RECORDS FOR THE TASK: Begin
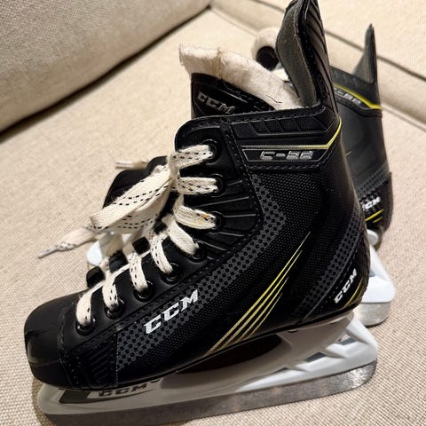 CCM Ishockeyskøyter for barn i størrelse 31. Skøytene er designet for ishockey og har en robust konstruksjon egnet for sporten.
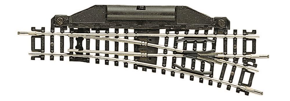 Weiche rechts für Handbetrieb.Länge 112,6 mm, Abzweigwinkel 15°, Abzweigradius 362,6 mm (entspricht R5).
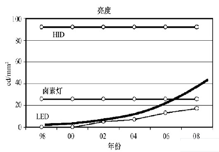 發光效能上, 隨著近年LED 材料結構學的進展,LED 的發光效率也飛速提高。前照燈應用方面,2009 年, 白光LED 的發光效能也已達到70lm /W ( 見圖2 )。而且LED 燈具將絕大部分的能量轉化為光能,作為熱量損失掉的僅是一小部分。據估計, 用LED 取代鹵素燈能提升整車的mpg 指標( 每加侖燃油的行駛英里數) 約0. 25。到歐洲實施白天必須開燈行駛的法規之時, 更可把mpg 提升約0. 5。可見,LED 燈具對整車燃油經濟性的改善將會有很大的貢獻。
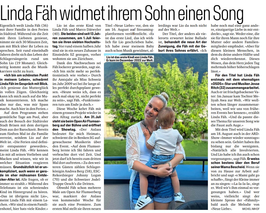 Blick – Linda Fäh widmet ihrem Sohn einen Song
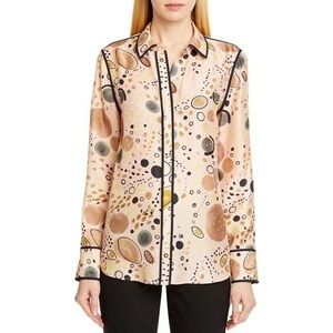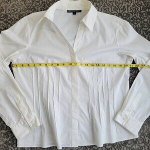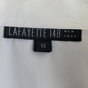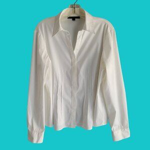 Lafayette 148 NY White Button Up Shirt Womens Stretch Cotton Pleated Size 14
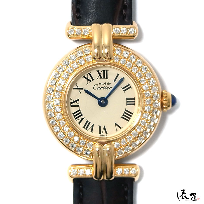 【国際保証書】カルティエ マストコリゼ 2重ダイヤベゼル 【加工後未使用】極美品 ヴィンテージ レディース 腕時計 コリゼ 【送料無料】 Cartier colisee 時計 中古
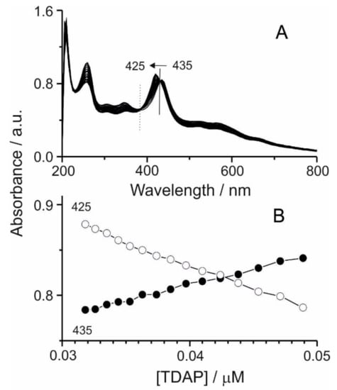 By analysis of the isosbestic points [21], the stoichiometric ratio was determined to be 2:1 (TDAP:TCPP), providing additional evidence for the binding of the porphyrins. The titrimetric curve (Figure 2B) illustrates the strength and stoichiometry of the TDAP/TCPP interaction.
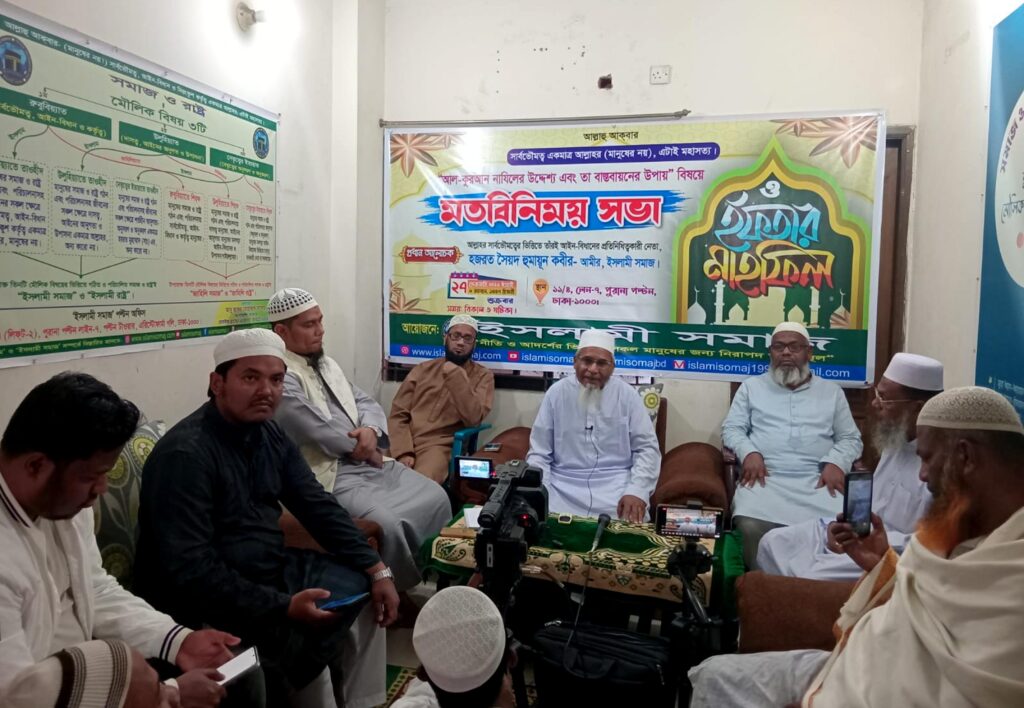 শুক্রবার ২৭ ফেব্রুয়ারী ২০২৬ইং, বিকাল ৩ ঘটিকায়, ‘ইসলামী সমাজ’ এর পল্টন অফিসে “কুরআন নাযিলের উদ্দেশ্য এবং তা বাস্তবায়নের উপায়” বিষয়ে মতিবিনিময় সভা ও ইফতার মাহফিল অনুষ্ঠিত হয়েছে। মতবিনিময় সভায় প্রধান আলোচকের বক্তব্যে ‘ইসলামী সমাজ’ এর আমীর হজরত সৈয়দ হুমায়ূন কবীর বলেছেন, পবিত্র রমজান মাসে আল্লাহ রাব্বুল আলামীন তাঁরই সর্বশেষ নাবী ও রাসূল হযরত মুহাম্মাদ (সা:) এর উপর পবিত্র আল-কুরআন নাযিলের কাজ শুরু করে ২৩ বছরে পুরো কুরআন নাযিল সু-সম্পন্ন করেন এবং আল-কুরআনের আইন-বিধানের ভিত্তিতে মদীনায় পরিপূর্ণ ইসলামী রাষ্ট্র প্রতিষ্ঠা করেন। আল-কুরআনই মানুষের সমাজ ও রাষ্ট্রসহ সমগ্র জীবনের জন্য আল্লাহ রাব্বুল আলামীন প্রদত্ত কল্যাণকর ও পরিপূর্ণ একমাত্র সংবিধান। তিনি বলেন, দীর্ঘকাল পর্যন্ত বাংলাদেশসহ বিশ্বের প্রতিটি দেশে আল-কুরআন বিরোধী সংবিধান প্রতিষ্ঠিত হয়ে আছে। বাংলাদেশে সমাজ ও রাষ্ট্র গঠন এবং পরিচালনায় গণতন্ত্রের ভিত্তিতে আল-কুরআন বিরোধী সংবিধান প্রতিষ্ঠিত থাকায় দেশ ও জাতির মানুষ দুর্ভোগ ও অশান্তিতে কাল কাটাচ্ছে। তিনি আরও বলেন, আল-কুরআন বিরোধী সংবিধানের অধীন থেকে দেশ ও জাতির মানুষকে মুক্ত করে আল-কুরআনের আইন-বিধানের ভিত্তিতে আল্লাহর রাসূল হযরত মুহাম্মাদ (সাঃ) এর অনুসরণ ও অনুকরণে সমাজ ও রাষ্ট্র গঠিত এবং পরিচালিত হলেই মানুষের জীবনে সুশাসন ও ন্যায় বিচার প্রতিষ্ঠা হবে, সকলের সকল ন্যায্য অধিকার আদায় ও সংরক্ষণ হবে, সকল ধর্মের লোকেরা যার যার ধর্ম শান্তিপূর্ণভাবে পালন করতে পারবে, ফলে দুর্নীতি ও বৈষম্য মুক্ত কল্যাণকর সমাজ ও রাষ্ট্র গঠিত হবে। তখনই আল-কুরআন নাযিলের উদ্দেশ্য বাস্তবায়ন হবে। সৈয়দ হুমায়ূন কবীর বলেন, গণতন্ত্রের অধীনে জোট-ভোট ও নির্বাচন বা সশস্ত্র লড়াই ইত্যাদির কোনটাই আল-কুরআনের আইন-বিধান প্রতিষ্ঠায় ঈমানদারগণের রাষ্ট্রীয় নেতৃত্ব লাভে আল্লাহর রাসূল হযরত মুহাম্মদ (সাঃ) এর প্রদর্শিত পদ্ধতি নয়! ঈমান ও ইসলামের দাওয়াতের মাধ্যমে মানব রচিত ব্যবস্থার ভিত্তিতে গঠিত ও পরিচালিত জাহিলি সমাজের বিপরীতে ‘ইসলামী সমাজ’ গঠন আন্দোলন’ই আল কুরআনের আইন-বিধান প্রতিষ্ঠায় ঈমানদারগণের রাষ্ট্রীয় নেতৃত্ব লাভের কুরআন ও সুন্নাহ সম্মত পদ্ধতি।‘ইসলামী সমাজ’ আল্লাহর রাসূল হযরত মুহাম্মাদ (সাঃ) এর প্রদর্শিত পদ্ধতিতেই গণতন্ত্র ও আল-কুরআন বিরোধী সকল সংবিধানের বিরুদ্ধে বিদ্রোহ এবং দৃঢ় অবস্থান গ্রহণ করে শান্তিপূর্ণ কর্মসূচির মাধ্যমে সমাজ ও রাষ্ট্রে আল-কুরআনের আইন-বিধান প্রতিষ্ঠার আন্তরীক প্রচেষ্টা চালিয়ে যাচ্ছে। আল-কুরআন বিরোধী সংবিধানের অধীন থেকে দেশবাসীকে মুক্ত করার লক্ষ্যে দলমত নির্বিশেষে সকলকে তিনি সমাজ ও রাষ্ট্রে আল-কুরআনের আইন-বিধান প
RECORDS FOR THE TASK: End
[DIRECTIONS]
With images omitted, output the data exactly as given.

[ANSWER BOX]
 CCM Ishockeyskøyter for barn i størrelse 31. Skøytene er designet for ishockey og har en robust konstruksjon egnet for sporten.
 Weiche rechts für Handbetrieb.Länge 112,6 mm, Abzweigwinkel 15°, Abzweigradius 362,6 mm (entspricht R5).
 發光效能上, 隨著近年LED 材料結構學的進展,LED 的發光效率也飛速提高。前照燈應用方面,2009 年, 白光LED 的發光效能也已達到70lm /W ( 見圖2 )。而且LED 燈具將絕大部分的能量轉化為光能,作為熱量損失掉的僅是一小部分。據估計, 用LED 取代鹵素燈能提升整車的mpg 指標( 每加侖燃油的行駛英里數) 約0. 25。到歐洲實施白天必須開燈行駛的法規之時, 更可把mpg 提升約0. 5。可見,LED 燈具對整車燃油經濟性的改善將會有很大的貢獻。
 Blick – Linda Fäh widmet ihrem Sohn einen Song
 Lafayette 148 NY White Button Up Shirt Womens Stretch Cotton Pleated Size 14
 【国際保証書】カルティエ マストコリゼ 2重ダイヤベゼル 【加工後未使用】極美品 ヴィンテージ レディース 腕時計 コリゼ 【送料無料】 Cartier colisee 時計 中古
 By analysis of the isosbestic points [21], the stoichiometric ratio was determined to be 2:1 (TDAP:TCPP), providing additional evidence for the binding of the porphyrins. The titrimetric curve (Figure 2B) illustrates the strength and stoichiometry of the TDAP/TCPP interaction.
 শুক্রবার ২৭ ফেব্রুয়ারী ২০২৬ইং, বিকাল ৩ ঘটিকায়, ‘ইসলামী সমাজ’ এর পল্টন অফিসে “কুরআন নাযিলের উদ্দেশ্য এবং তা বাস্তবায়নের উপায়” বিষয়ে মতিবিনিময় সভা ও ইফতার মাহফিল অনুষ্ঠিত হয়েছে। মতবিনিময় সভায় প্রধান আলোচকের বক্তব্যে ‘ইসলামী সমাজ’ এর আমীর হজরত সৈয়দ হুমায়ূন কবীর বলেছেন, পবিত্র রমজান মাসে আল্লাহ রাব্বুল আলামীন তাঁরই সর্বশেষ নাবী ও রাসূল হযরত মুহাম্মাদ (সা:) এর উপর পবিত্র আল-কুরআন নাযিলের কাজ শুরু করে ২৩ বছরে পুরো কুরআন নাযিল সু-সম্পন্ন করেন এবং আল-কুরআনের আইন-বিধানের ভিত্তিতে মদীনায় পরিপূর্ণ ইসলামী রাষ্ট্র প্রতিষ্ঠা করেন। আল-কুরআনই মানুষের সমাজ ও রাষ্ট্রসহ সমগ্র জীবনের জন্য আল্লাহ রাব্বুল আলামীন প্রদত্ত কল্যাণকর ও পরিপূর্ণ একমাত্র সংবিধান। তিনি বলেন, দীর্ঘকাল পর্যন্ত বাংলাদেশসহ বিশ্বের প্রতিটি দেশে আল-কুরআন বিরোধী সংবিধান প্রতিষ্ঠিত হয়ে আছে। বাংলাদেশে সমাজ ও রাষ্ট্র গঠন এবং পরিচালনায় গণতন্ত্রের ভিত্তিতে আল-কুরআন বিরোধী সংবিধান প্রতিষ্ঠিত থাকায় দেশ ও জাতির মানুষ দুর্ভোগ ও অশান্তিতে কাল কাটাচ্ছে। তিনি আরও বলেন, আল-কুরআন বিরোধী সংবিধানের অধীন থেকে দেশ ও জাতির মানুষকে মুক্ত করে আল-কুরআনের আইন-বিধানের ভিত্তিতে আল্লাহর রাসূল হযরত মুহাম্মাদ (সাঃ) এর অনুসরণ ও অনুকরণে সমাজ ও রাষ্ট্র গঠিত এবং পরিচালিত হলেই মানুষের জীবনে সুশাসন ও ন্যায় বিচার প্রতিষ্ঠা হবে, সকলের সকল ন্যায্য অধিকার আদায় ও সংরক্ষণ হবে, সকল ধর্মের লোকেরা যার যার ধর্ম শান্তিপূর্ণভাবে পালন করতে পারবে, ফলে দুর্নীতি ও বৈষম্য মুক্ত কল্যাণকর সমাজ ও রাষ্ট্র গঠিত হবে। তখনই আল-কুরআন নাযিলের উদ্দেশ্য বাস্তবায়ন হবে। সৈয়দ হুমায়ূন কবীর বলেন, গণতন্ত্রের অধীনে জোট-ভোট ও নির্বাচন বা সশস্ত্র লড়াই ইত্যাদির কোনটাই আল-কুরআনের আইন-বিধান প্রতিষ্ঠায় ঈমানদারগণের রাষ্ট্রীয় নেতৃত্ব লাভে আল্লাহর রাসূল হযরত মুহাম্মদ (সাঃ) এর প্রদর্শিত পদ্ধতি নয়! ঈমান ও ইসলামের দাওয়াতের মাধ্যমে মানব রচিত ব্যবস্থার ভিত্তিতে গঠিত ও পরিচালিত জাহিলি সমাজের বিপরীতে ‘ইসলামী সমাজ’ গঠন আন্দোলন’ই আল কুরআনের আইন-বিধান প্রতিষ্ঠায় ঈমানদারগণের রাষ্ট্রীয় নেতৃত্ব লাভের কুরআন ও সুন্নাহ সম্মত পদ্ধতি।‘ইসলামী সমাজ’ আল্লাহর রাসূল হযরত মুহাম্মাদ (সাঃ) এর প্রদর্শিত পদ্ধতিতেই গণতন্ত্র ও আল-কুরআন বিরোধী সকল সংবিধানের বিরুদ্ধে বিদ্রোহ এবং দৃঢ় অবস্থান গ্রহণ করে শান্তিপূর্ণ কর্মসূচির মাধ্যমে সমাজ ও রাষ্ট্রে আল-কুরআনের আইন-বিধান প্রতিষ্ঠার আন্তরীক প্রচেষ্টা চালিয়ে যাচ্ছে। আল-কুরআন বিরোধী সংবিধানের অধীন থেকে দেশবাসীকে মুক্ত করার লক্ষ্যে দলমত নির্বিশেষে সকলকে তিনি সমাজ ও রাষ্ট্রে আল-কুরআনের আইন-বিধান প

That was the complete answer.